Best Practices for Linq Enumerables and Queryables - jonwagner
http://code.jonwagner.com/2012/08/24/best-practices-for-linq-enumerables-and-queryables/
======
solutionyogi
It is a terrible article.

1\. Why would the author recommend using extension method instead of using the
'query' syntax? The main purpose behind creating the query syntax was to make
your code easier to read. Query syntax is not at all about 'pretty' or
'clever'. It's about readability. [And why call the query syntax as 'language
extension'?]

2\. Why invent terms like 'seal' LINQ queries? By default, all LINQ querie
execution is deferred. And yes, you have to understand this deferred execution
and how it affects your code.
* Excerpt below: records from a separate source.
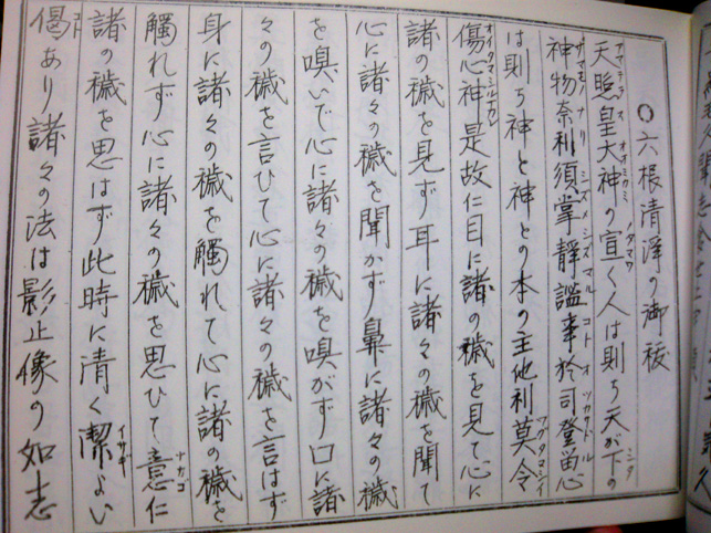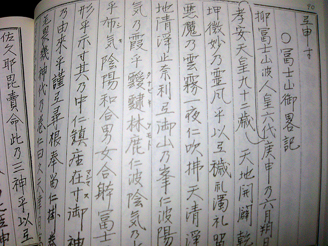 今年の品川富士のお山開きは、7月5日でした。 昨年の感動を再び!と思いつつ、当日は朝8時からのお掃除どころか11時からの儀式にも間に合いそうになかったので、泣く泣く断念いたしました。 この素晴らしい御神体を拝むことができず、本当に残念でした。 行かれた方はいますか? 昨年、講の方たちにまじって読ませていただいた「お伝え」は、目で追うだけでも大変でした。でも、言霊は確かに波動のパワーがあり、声や鈴(レイ)の音は、その場を浄め、人に感動を与えるものでした。 先達さんが解説してくださったことも貴重なことでした。 品川丸嘉講では、昭和63年から使っていたお伝えに代わり、昨年新しく作り変えました。そんなこともあり、古いほうを一冊くださいました。(嬉しかったです。感謝しきれません!) ほんのちょっとだけですが、アップします。先代の先達が作られたお伝えです。 横長に綴じられたお伝えの最初のページ。 富士山がいつどのように「出現」したかが出ています。 六根清浄の御祓はこんなです。他には、加持祝詞なども含まれていて興味深いです。神道の部分、仏教の部分もいろいろ。 お伝えは、お題目をはじめとして基本は同じですが、各講によってだいぶ違います。講がたどった歴史も違うし(教派神道の傘下にあった時期もあり)、加えられる内容もさまざまです。 同じ丸嘉講でも清瀬市中里講では、こんな感じ。 いずれにしろ、読誦する声を聞けたらそれはとてもありがたいことですね。最近つくづく思います。文字のパワー!言霊パワー!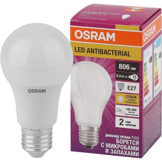 Светодиодные лампы для общего освещения, которые уничтожают бактерии и микробы благодаря фотокаталитическому покрытию колбы. Лампы OSRAM LED Antibacterial получили лабораторное подтверждение эффективности от МГЦД. Согласно ему, 2 лампы в помещении 32 куб.м за 24 часа уничтожают золотистый стафилококк на 93-97%. Лампа оснащена цоколем типа Е27, который подходит для большинства светильников.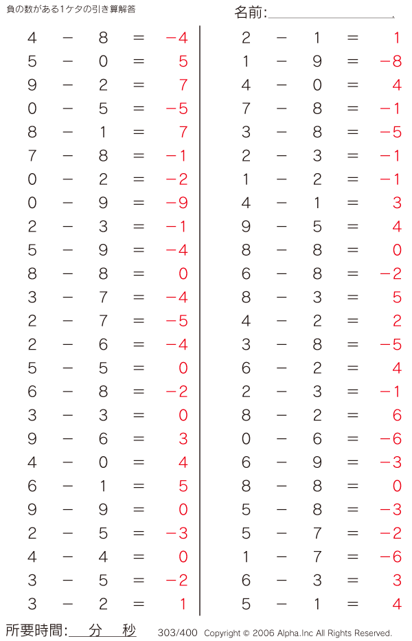 上記のボタンから「負の数がある1ケタの引き算」の算数数学ドリル・計算ドリル(PDFプリント)がダウンロードできます。個人利用は無料です(家庭以外での配布は有料です)。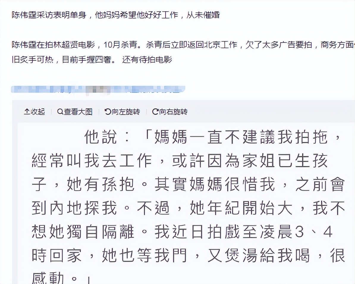 翻看陈伟霆最近动态,在8月份受访时,他的确有表明单身身份,陈伟霆直言:“妈妈一直不建议我拍拖,经常叫我去工作”,还说等电影10月杀青,会立即返回北京工作,大表事业心。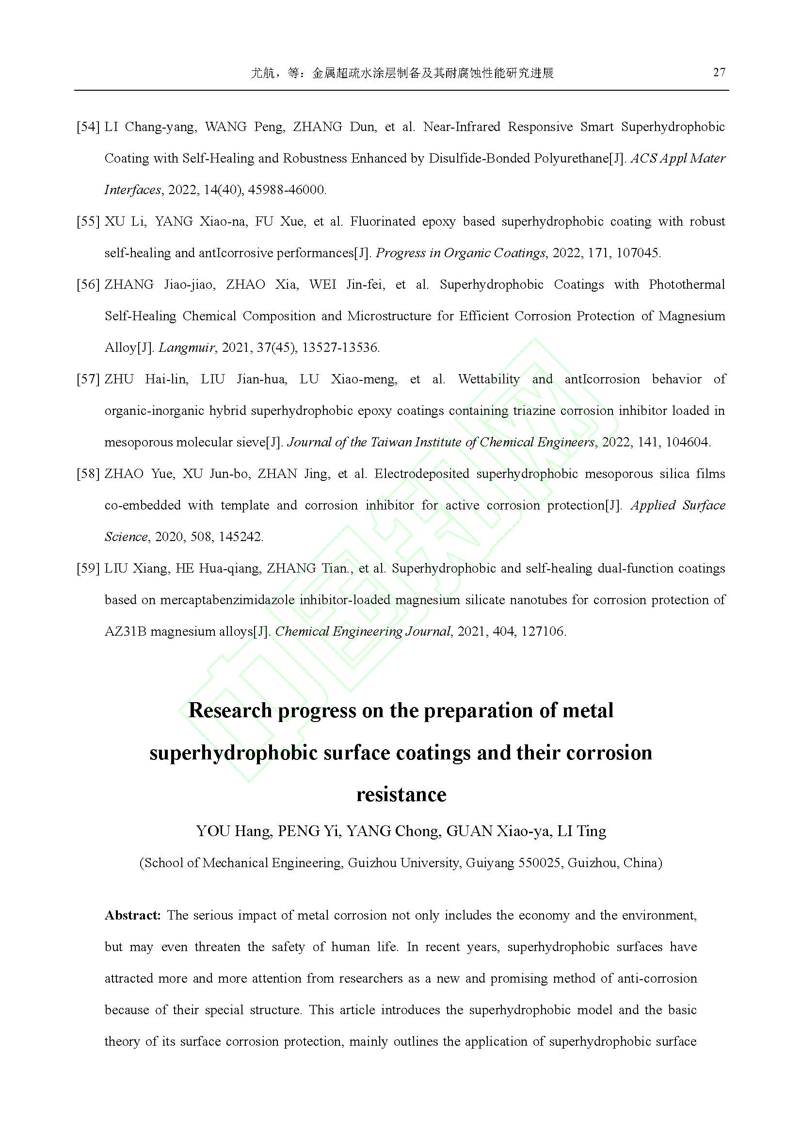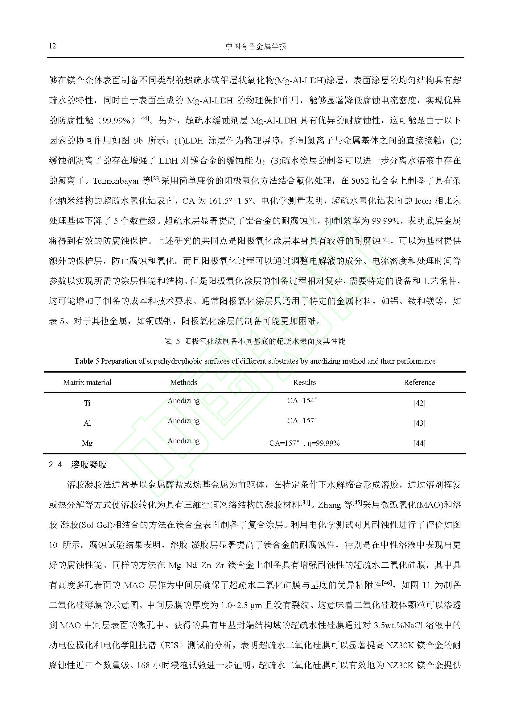 镁合金表面防腐蚀超疏水涂层制备研究进展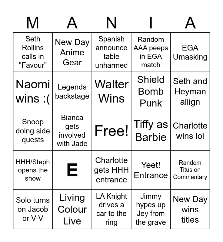 This bingo card has a free space and 24 words: E, Living Colour Live, Walter Wins, Solo turns on Jacob or V-V, EGA Umasking, Seth Rollins calls in "Favour", Naomi wins :(, New Day Anime Gear, Tiffy as Barbie, Charlotte gets HHH entrance, Shield Bomb Punk, Snoop doing side quests, Yeet! Entrance, Random Titus on Commentary, Legends backstage, Jimmy hypes up Jey from the grave, Charlotte wins lol, Spanish announce table unharmed, Seth and Heyman allign, Bianca gets involved with Jade, New Day wins titles, HHH/Steph opens the show, Random AAA peeps in EGA match and LA Knight drives a car to the ring.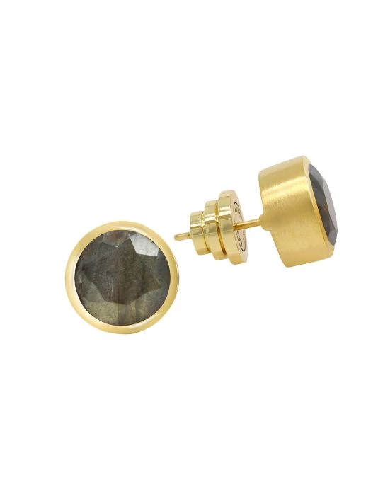From the Signature Collection. A large, statement-making stud featuring brilliant-cut labradorite gemstones set in brushed 22K gold.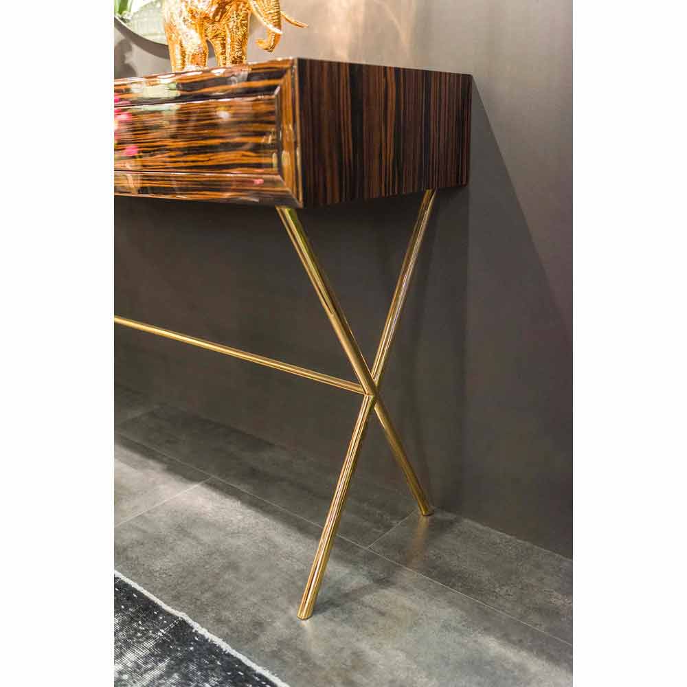 The table frame is in glossy 24k gold galvanized metal. Ada 4 console table is also available in the white mother-of-pearl version: ask for a quotation at info@viadurini.co.uk.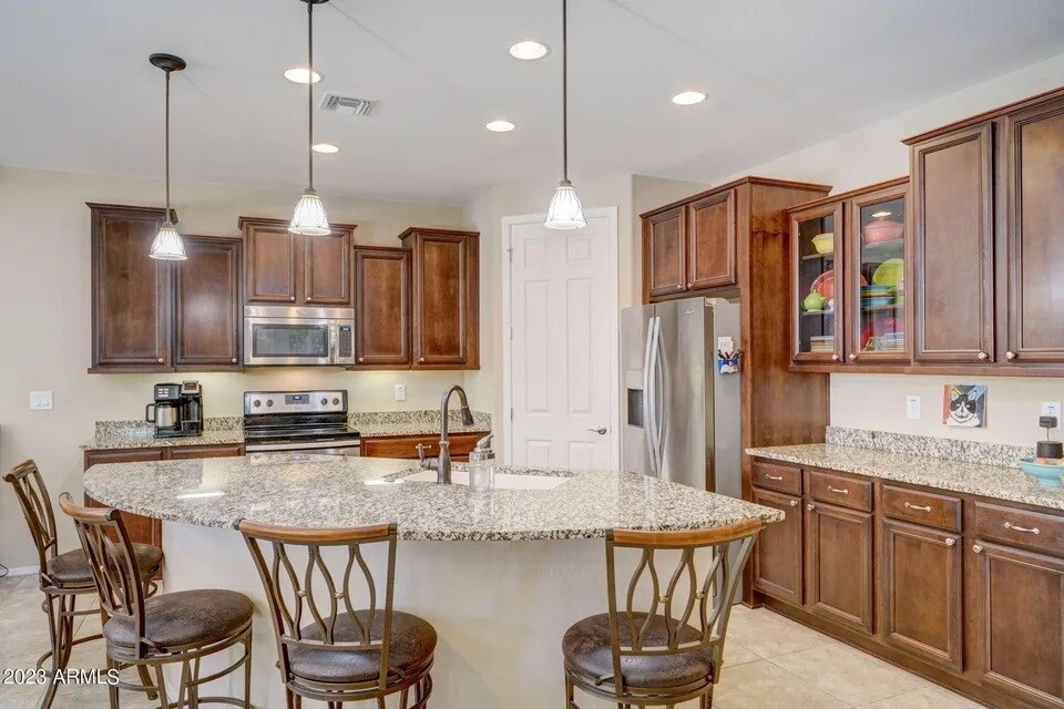 COZY RESORTLIKE STYLE HOME is a seasonal furnished rental in a 55+ community. This model features 2 bedrooms, 2 baths and large open floor plan. Enjoy dine-in living in the spacious great room and savor the modern kitchen with a pantry and granite countertops. Relax on the covered patio, gazebo, firepit or by the built-in BBQ/ Traeger in your lovely backyard oasis while enjoying the AZ weather. Community includes Troon golf course, restaurant and all community amenities such as: 2 HUGE heated pools and spas w/ weights and indoor walking trail, biking/walking paths, clubhouse, tennis, and pickleball. Your vacation dream home awaits! All utilities included. There is a $100 one time charge per renter to get access to all community amenities. Deposit and first month rent due at signing. THIS IS A NO SMOKING RENTAL.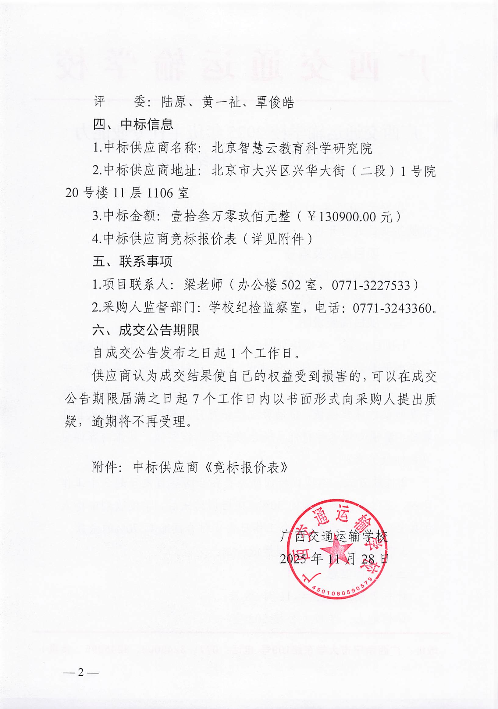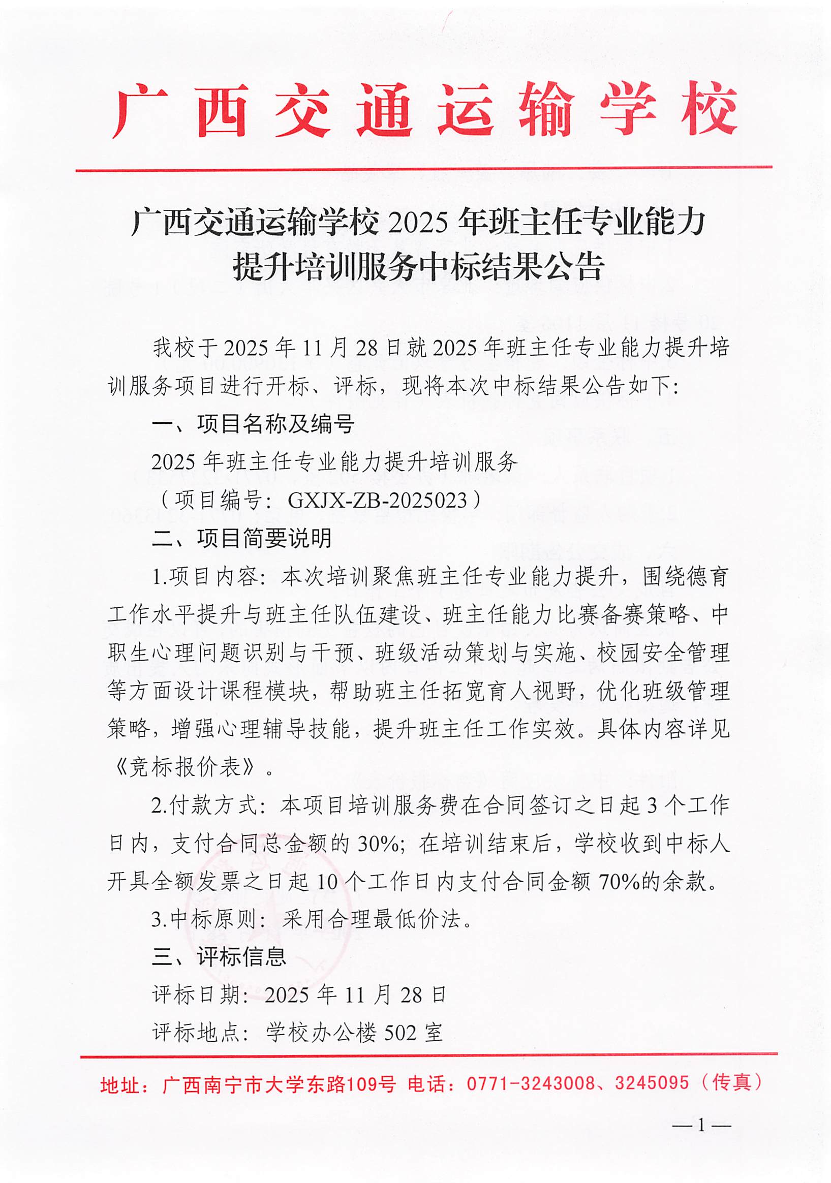 广西交通运输学校2025年班主任专业能力提升培训服务中标结果公告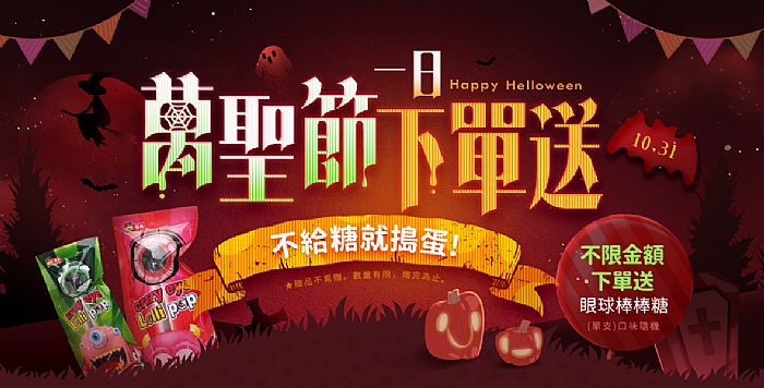 活動:不限金額下單送萬聖節眼睛棒棒糖(單支)口味隨機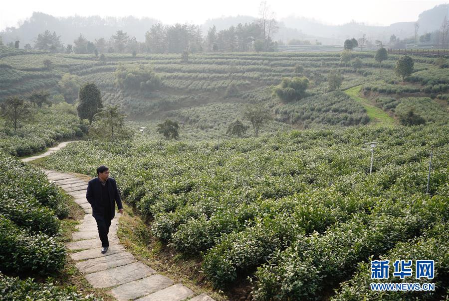 1月7日,村支书王兴强走在陕西省宁强县肖家坝村的茶园里。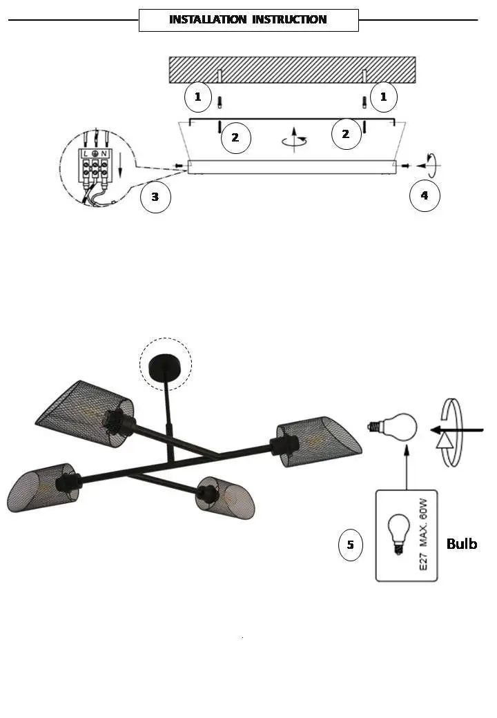 4).4 x E 27 макс. 40 Вт (лампа не входит в комплект)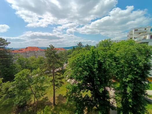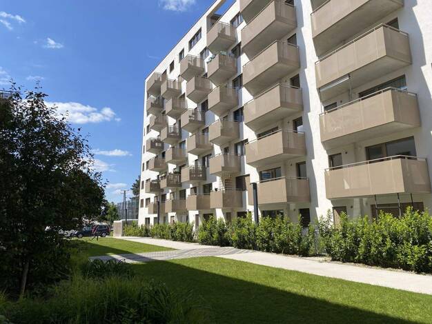 VORSORGEWOHUNG IM PREMIUMBEREICH HIGHLIGHTS: Blick in den Jutta Steier Park - vermietet bis März 2028 - moderne Architektur Zum Verkauf gelangt ein 2-Zimmer Loggiaeigentum im 5. Liftstock einer attra...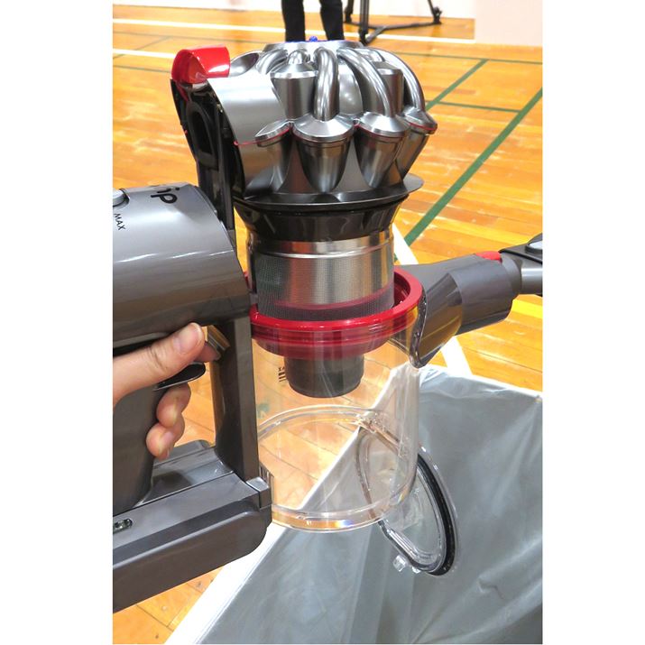 ダイソンの掃除機といえば高い吸引力で知られているが、V8では最大11万回転/分の「ダイソンデジタルモーターV8」が新搭載されさらにパワーアップ。前モデル「V6」に比べ吸引力が約15%アップしたという(最大級引力で100AWから115AWに向上)。その実力をアピールする実験も行われたのでケビン・グラント氏の解説とともに紹介しよう。

But his code example is TERRIBLE.

var allCustomers = customers; var waCustomers = allCustomers.Where (c =>
c.Region == "WA"); var waCustomerIDs = waCustomers.Select (c => c.ID);

Why copy the variable to allCustomers? And if you need Id and name, you can
write code like this:

var customerIdAndNames = from c in customers where c.Region.Equals("WA",
StringComparison.OrdinalIgnoreCase) select new { ID = c.ID, Name = c.Name };

There was absolutely no reason to create two different IEnumerables for a
scenario where you needed different properties.

3\. Again, one has to understand that result of a query is just that, a
'query'. And you don't have to call 'ToList' method to execute the query. In
fact, if you want to iterate the query results only once, it's better to use
foreach and enumerate over the query results instead of calling ToList method
as you will be not have to consume memory to store the entire list.

4\. Horrible idea to suggest that you should always return List instead of
IEnumerable. This choice should be left up to API caller in most cases.

This whole article is garbage. It is OPPOSITE of best practices in LINQ.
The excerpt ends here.